- Surla is located in Odisha Surla Surla is located in India
- Coordinates: 19°07′47″N 84°45′02″E﻿ / ﻿19.12972°N 84.75056°E
- Country: India
- State: Odisha
- District: Ganjam

= Surla =

Surla is a village in Chikti Block of Ganjam district, Odisha, India at the Andhra Pradesh-Odisha border on National Highway 5. It sits across from Ichchapuram, in Andhra Pradesh. There is a railway station named Surla Road on the Howrah-Chennai main line near Surabaya, and a Primary Health Center just outside the village.

The Surla Road railway station is adjacent to a small mountain called Govardhangiri which is around 8 km from the main village. People in the surrounding villages believe that this is the same hill that Lord Krishna lifted up to give shelter and protect the herd of cattle from the fury of a storm created by Indra, the king of Devatas. People from Girisola, a nearby village, worship Krishna and Indra at a small pool of water ( which never dries) in the crevice of a big boulder on the hill. Perhaps this is the only place in the country where Indra Puja is carried out.
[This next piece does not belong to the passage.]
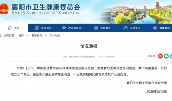 2月3日上午,襄阳市卫生健康委员会网站发布情况通报: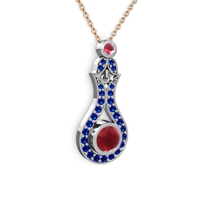 Kök yakut ve lab safir 925 ayar gümüş kolye (40 cm rose altın rolo zincir)

A road branches off from the national highway at Surla railway station. This beautiful road leads to Chikiti( ancient Svetaka) town. The temple of Bala Kumari ( a form of Durga) is located on a hill near here. One can go by car up to the hill top.

Sunapur (literally "golden village", in Oriya, the local language) is a small village of fishermen is one mile from Surla village. Bahuda, an ancient river, flows into the Bay of Bengal here. Visitors have to cross the mouth of the river to enjoy the vast golden sands of the quiet beach. The government of Odisha is developing this beach into a tourist spot. Berhampur (now renamed 'Brahmapur') is the nearest city with fairly good facilities to stay is 15 mi away. Taxi and Odisha state bus services are available from here to go to Surla and Sunapur.